1.8 KiB
1.8 KiB
ADR 005 - IDS/IPS
Date
- Feb/23/2026
- First documentation
Status
- Accepted
Context
- Automized detection and prevention threats via network
considerations
IPS
-
Operate suricata as IDS and IPS
- Suricata IPS mode blocks packets by itself, bypassing nftables integration
- Suricata IPS mode overhead is very higher than IDS mode.
- Suricata IPS mode cannot detect and prevent TLS based communication.
- Homelab server resources are not enough to deal with high overhead.
-
fail2ban
- Single node only, no centralized decision sharing
- No community-based threat intelligence (CAPI)
- Regex based log parsing is less structured than CrowdSec's parser/scenario model
-
Crowdsec
- Community based rules and sinario (CAPI)
- Prevention based on local machines and parsers (LAPI)
- Bouncers can use nftables to prevent threats
- Parser can detect even L7 attack under TLS
Decisions
-
Operate suricata as IDS
- suricata IDS mode mirror all packets from interfaces
- match the packets based on its rules and writes log as fast.log, and eve.json
-
Operate Crowdsec as IPS
- CrowdSec uses two API server, CAPI, LAPI.

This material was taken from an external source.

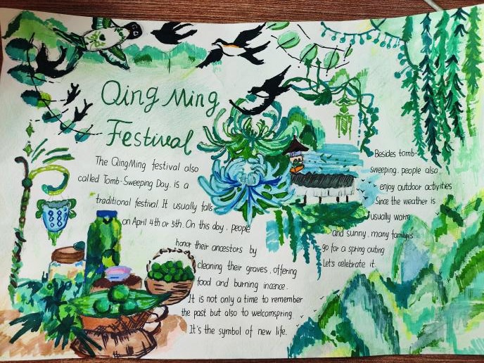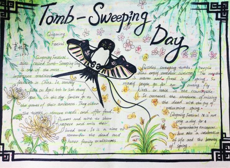 本次活动得到高一、高二年级学生的积极响应与踊跃参与。筹备过程中,同学们主动查阅各类资料,反复打磨文稿内容,用心开展创意构思,以英语为语言载体,围绕中国传统民俗、经典传统艺术等核心主题,进行手抄报版面设计与内容创作。创作中,春节屠苏酒里承载的阖家欢悦、清明踏青追思的民俗意蕴、各类传统民俗文化与民间艺术特色,都被同学们以流畅地道的英语语句生动呈现,实现了中华优秀传统文化与英语知识的巧妙融合。每一份手抄报都独具匠心、亮点纷呈,既充分展现了同学们扎实的英语语言表达功底,也真挚传递出新时代学子对中华优秀传统文化的由衷热爱与文化传承之心。

- CAPI updates malicious IPs based on community decisions
- LAPI decides malicious attack based on log from its parser and scenario (Suricata, caddy, etc)
- When CAPI, and LAPI decides block some IP based on log parsed by parser and scenarios, bouncer block the malicious accesses.

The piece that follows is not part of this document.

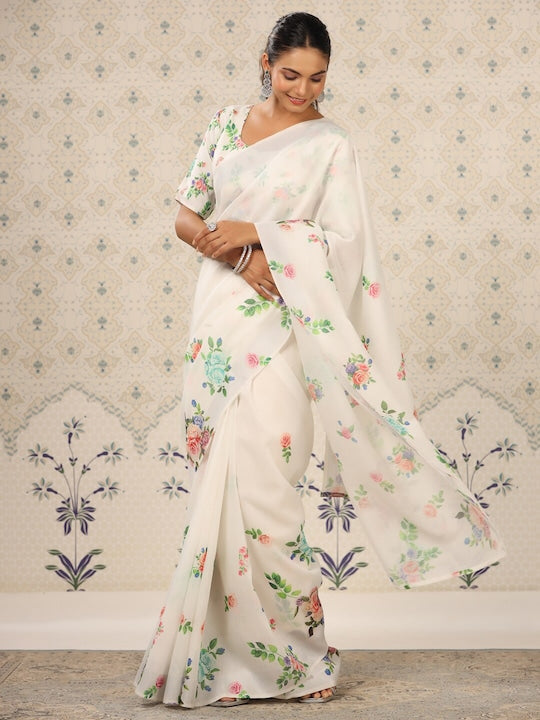 House of Pataudi Pure Georgette Floral Printed Sequinned Saree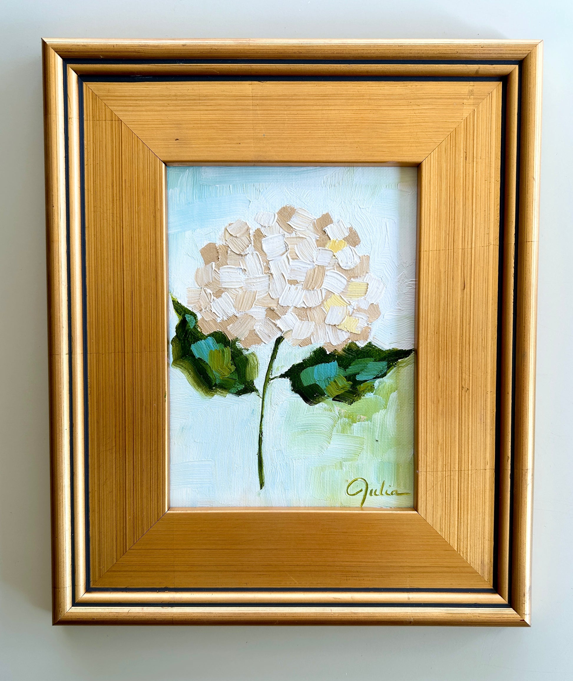 Julia has a local (Charlotte, NC) framer that she uses for her pieces, and will be happy to work with you to select the best frame for your painting. The lead time is approximately 4-6 weeks. She also offers virtual consultations if you would like to work with your own framer.

- Crowdsec register blacklist on nftables or iptables.
- CrowdSec uses two API server, CAPI, LAPI.
Consequences
- All malicious attack from WAN, even from LAN is controlled by CrowdSec and Suricata
- The firewall maintains high network throughput because blocking is performed efficiently at the OS network level (
nftablessets) rather than through deep inline packet inspection.